Sep 16, 2014

Tourism stalls as Abbott cuts funds

Domestic tourism growth has stalled in the key markets of Queensland, the Northern Territory, Tasmania and the ACT following Tony Abbott’s cuts to domestic tourism marketing.

New figures published by Tourism Research Australia show trip expenditure down 11% in the ACT, 8% in Tasmania and 2% in Queensland in the year ending June 2014.

They also show visitor nights down 16% in the ACT, 12% in the Northern Territory and 3.4% in Tasmania as tourists cut trips short, staying fewer days and spending less.

The figures come a year after Tony Abbott ordered Tourism Australia to end all marketing of domestic tourism and focus solely on overseas arrivals.

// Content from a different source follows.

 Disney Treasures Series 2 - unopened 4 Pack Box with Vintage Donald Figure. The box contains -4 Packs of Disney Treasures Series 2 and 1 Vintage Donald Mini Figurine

Domestic tourism is the bread and butter of Australia’s tourism sector, accounting for 70% of the $107 billion industry.

But instead of supporting the sector, the Abbott Government has spent the last 12 months abolishing grant programs, slashing research and cutting support without notice.

The Tourism Industry Regional Fund and the National Tourism Accreditation Framework have been axed while the crucial Survey of Tourist Accommodation will cease next year.

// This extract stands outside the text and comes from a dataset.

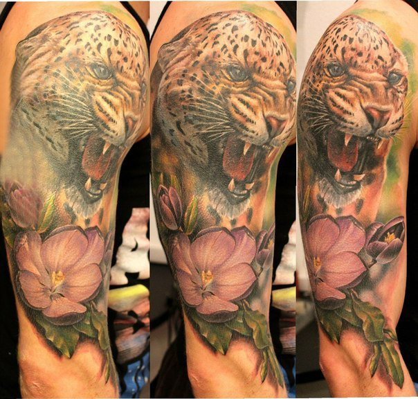 豹子头纹身 男生手臂上豹子头纹身图片

Newly released guidelines for the Abbott Government’s small business program, the Entrepreneurs’ Infrastructure Programme, make tourism businesses ineligible for assistance.

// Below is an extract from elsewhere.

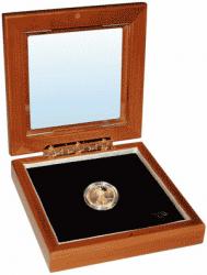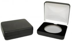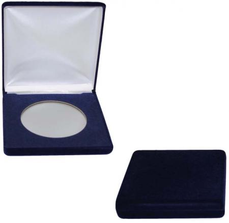 These boxes are wrapped with a blue velvet material and are manufactured with a hinged lid. Each box has a white satin cover pad, blue display card, reflector card and a white protective sleeve. The display card has a hole sized for a Y size Air-Tite holder.

The former Labor Government provided assistance to tourism businesses through its Enterprise Connect program which Tony Abbott abolished as part of his 2014-15 Budget cuts.

It is little wonder tourism is suffering under the Abbott Government.

Upon taking office, Mr Abbott failed to appoint a tourism minister, showing that he simply does not consider the sector a priority.

His approach stands in stark contrast with New Zealand, where Prime Minister John Key is also the Minister for Tourism.

The Commonwealth Government should be the Australian tourism sector’s best friend, not a thorn in its side.

Appointing a Minister for Tourism would be a good place to start.